Traditionally, security slowed everything down. That’s not viable anymore. Security agility means building controls into workflows so they feel like natural guardrails, not roadblocks. For us, this has meant embedding compliance checks directly into pipelines, and giving developers self-service tools to make secure choices without waiting for manual approvals. The cultural shift is just as important as the technical one: security needs to be seen as a partner in innovation.

Integration Is the Differentiator

Each of the four agilities matters on its own, but real impact comes from how they interact. A team strong in infrastructure agility but weak in cognitive or security agility will falter. We’ve seen organizations succeed when they treat agility as a system: cognitive insights shaping infrastructure decisions, application delivery tied tightly to automated security, and security in turn feeding back into how teams think about risk. That’s where SecDevOps shines.

Common pitfalls we actively avoid

  • Agility theater: renaming ceremonies without changing flow efficiency. We watch lead time, not meeting counts. Thank you to Joshua Copeland for this perspective on business theatrics.
  • Policy drift: hand‑edited cloud consoles that quietly diverge from code. We lock consoles down and reconcile from Git.
  • Ticket ping‑pong: security throwing findings over the wall. We move decisions into pull requests with clear, code‑level fixes.
  • Alert fatigue: noisy scanners with vague severity. We tune on exploitability, reachability, and business blast radius.

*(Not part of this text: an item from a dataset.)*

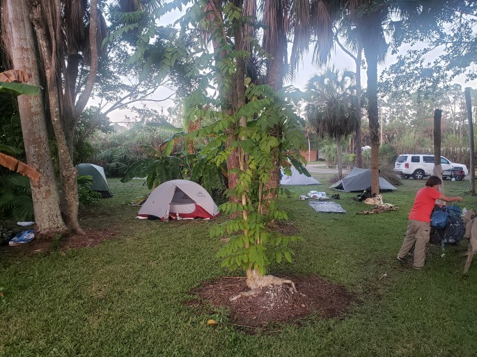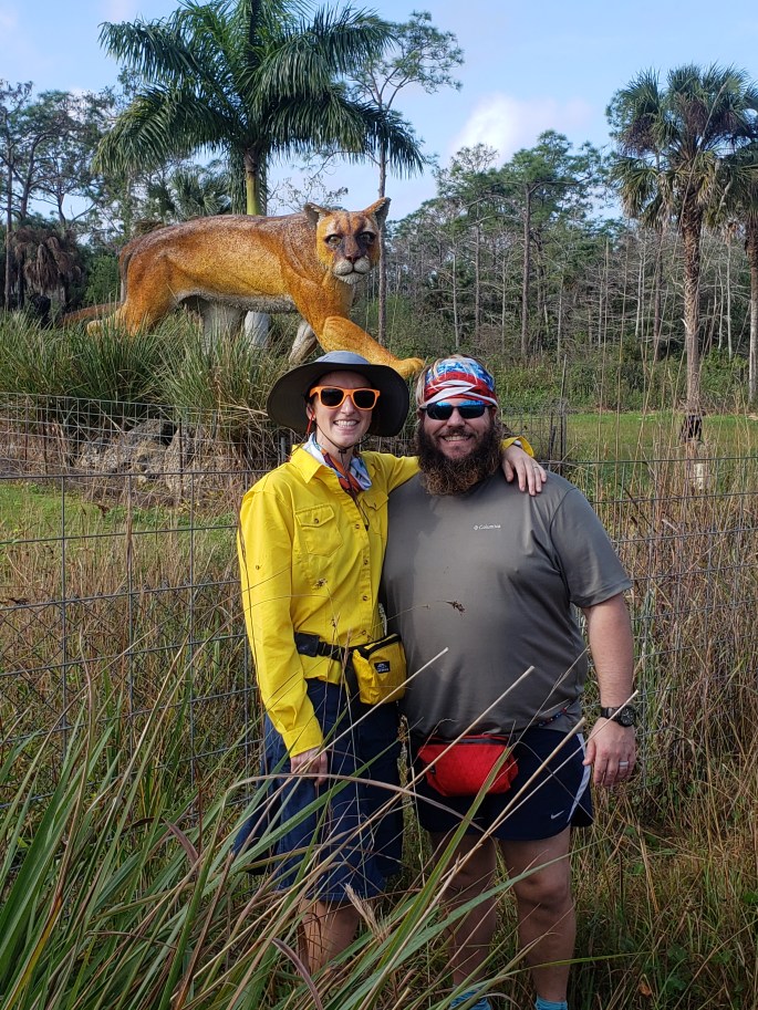 We rung in our 2020 checking our lists twice (and 3 and 4 times) to make sure we were set to spend 3 months walking across the state of Florida. Then a flurry of planes, trains, and automobiles to get to our start: my mom took us to Springfield to catch a train to St. Louis, to fly to Fort Lauderdale, to stay with Steve’s parents, who then drove us to the campground on US 41 for the kick-off shindig.

Metrics that actually move the needle

We report a tight set of metrics that tie directly to outcomes.

  • Lead time for change and change failure rate
  • Exploitable‑finding MTTR and time to remediate critical identities or keys
  • Percentage of workloads covered by signed artifacts and SBOMs
  • Percentage of infrastructure governed by policy‑as‑code gates
  • Mean time from anomalous signal to validated hypothesis in SOC workflows

These give CIOs and CISOs a shared scoreboard that blends speed, quality, and safety.

Putting it together: an operating blueprint

30 days

  • Stand up policy‑as‑code for IaC and clusters. Turn on artifact signing and SBOM generation.
  • Add the cognitive CI lane for any AI‑touching service. Start with red team prompts and leakage tests.

60 days

  • Shift left secrets management and enable PR preview environments with automated DAST.
  • Wire risk scoring into the backlog. Track MTTR for exploitable findings as a key metric.

90 days

  • Roll out detection‑as‑code and ChatOps (Teams or Slack) workflows so incidents, changes, and exceptions are handled in the same channel.
  • Automate continuous evidence for your top compliance framework and publish posture dashboards to product teams.

This plan keeps all four agilities reinforcing each other. Cognitive insights shape work. Infrastructure makes change safe. Application delivery stays smooth. Security scales through automation.


Our Takeaway

The article is right: agility has never been about speed alone. For us at JPSoftWorks, it’s about resilience, trust, and the ability to adapt without breaking stride. The four agilities: cognitive, infrastructure, application, and security: are not abstract ideals. They’re the daily practices that let us keep pace with change while keeping our clients secure.